Business Model & Pricing Evidence
No information is provided about pricing, monetization, or business model.
- Claim: Not stated.
- Inference: If this is a hackathon project, it may be in early development and not yet monetized.
- Not evidenced: No evidence of revenue streams, pricing tiers, or customer acquisition strategy.
Technical & Delivery Signals
The author lists the following technologies:
- c++, codex, deepstream, expo.io, gpt-5.6, kotlin, nvidia, postgresql, python, react, springboot, typescript
- Claim: The product uses a mix of AI and video processing tools, including GPT-5.6 and NVIDIA hardware.
- Inference: It may be a hybrid app or platform with backend AI processing and frontend UI for review.
- Not evidenced: No details on architecture, delivery method (web, mobile, desktop), or how the system works end-to-end.
Traction & Maturity Signals
The project was submitted to the OpenAI 2026 hackathon.
- Claim: It is a hackathon submission.
- Inference: This suggests early-stage development and limited traction or market validation.
- Not evidenced: No evidence of user adoption, revenue, or product-market fit.
Competitive Context
No information is provided about competitors or the competitive landscape.
- Claim: Not stated.
- Inference: If padel video review tools exist, WJETT may be entering a niche market with existing solutions.

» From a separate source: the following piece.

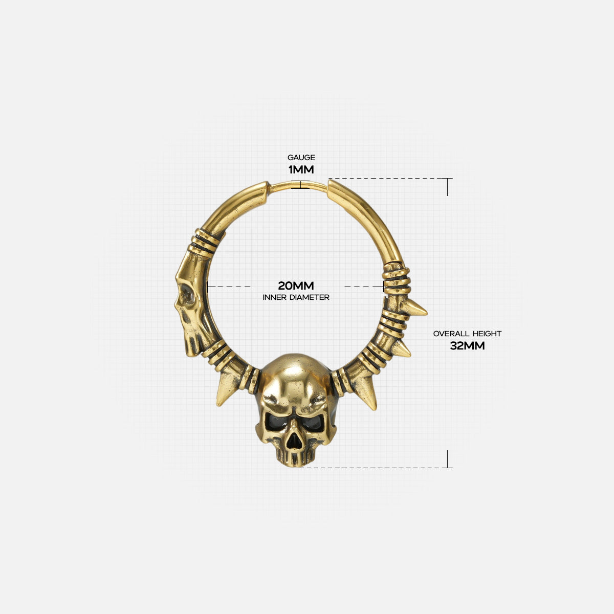 These skull hoop earrings feature bone textures, spikes, and a fierce sculpted cranium at the center. This item is sold as a pair.

- Not evidenced: No evidence of existing players, market size, or competitive positioning.
Key Risks & Red Flags
- Risk: The project is a hackathon submission; no evidence of product-market fit or traction.
- Risk: Use of GPT-5.6 in the stack raises questions about scalability and cost, especially if it’s not a core part of the product.
- Red Flag: No mention of monetization, target users, or business model.
- Not evidenced: No evidence of technical feasibility, user feedback, or market demand.
Diligence Questions To Ask The Founders
- What specific “evidence” does WJETT extract from padel match videos?
- How is the video processing done — manually, AI-assisted, or automated?
- Who are your target users, and how do they currently review matches?
- Is this a standalone product or part of a larger platform?
- What are your plans for monetization and scaling beyond the hackathon?
Investment/Partnership Verdict
- Claim: Not stated.
- Inference: Given that this is a hackathon project with no evidence of traction, revenue, or user adoption, it is not ready for investment or partnership at this stage.
- Not evidenced: No evidence of product-market fit, team experience, or commercial viability.
- Confidence level: Low — based on minimal self-reported information.
Source
Submitted to the OpenAI 2026 hackathon on Devpost. Project home on DevPost.
The analysis above was generated by a language model from the project's own one-line description. It is not independent research and contains no verified traction, revenue or customer data.